Advanced Track (Lessons 121-180)

  1. Docker Fundamentals * Objective: Understand what a container is and build your first image. * Details: Deep dive into container primitives. Use unshare and nsenter to manually create and inspect kernel namespaces.

  2. Image Optimization * Objective: Build small, secure, and efficient container images. * Details: Explore advanced BuildKit features. Use --mount=type=cache. Compare image slimming techniques (distroless vs. Alpine vs. scratch).

  3. Container Networking & Storage * Objective: Connect containers and persist data. * Details: Create and inspect custom Docker network drivers. Benchmark I/O performance of different volume types.

  4. Multi-Container Apps * Objective: Define and run complex applications locally with Docker Compose. * Details: Use docker-compose override files for different environments.
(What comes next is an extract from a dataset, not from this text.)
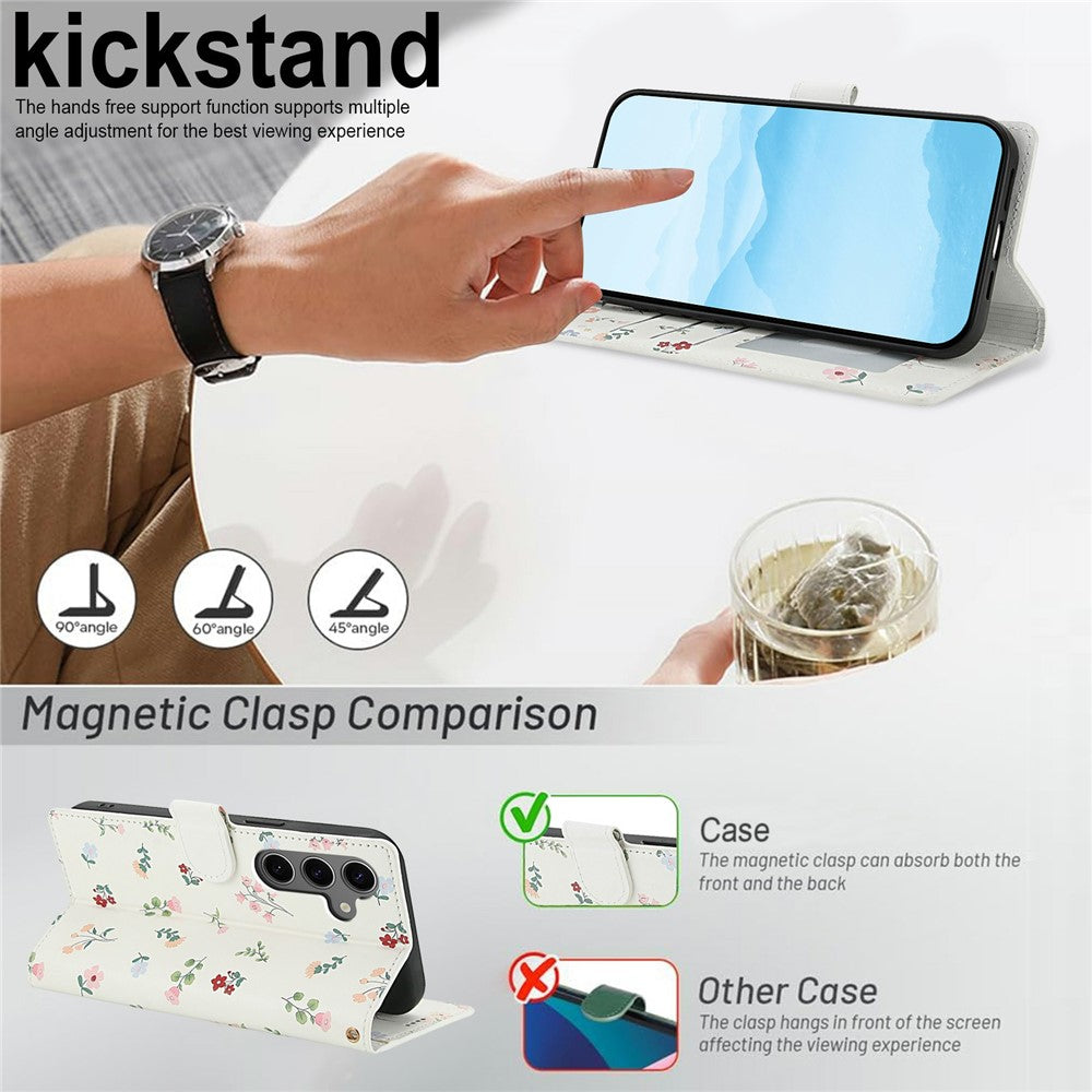 For Samsung Galaxy S25 FE Wallet Case Rhombic Floral Design Leather Flip Phone Cover with Strap

Template a docker-compose.yml using yq or Helm.

  5. Break-It-Friday: Debug containerized environments * Objective: Debug common issues in containerized environments. * Details: A container has a file permission error. Diagnose the UID/GID mismatch and fix it without running as root.

  6. Intro to Kubernetes * Objective: Understand the purpose of Kubernetes and set up a local cluster. * Details:Bootstrap a single-node cluster from scratch using kubeadm. Inspect control plane manifests in /etc/kubernetes/manifests.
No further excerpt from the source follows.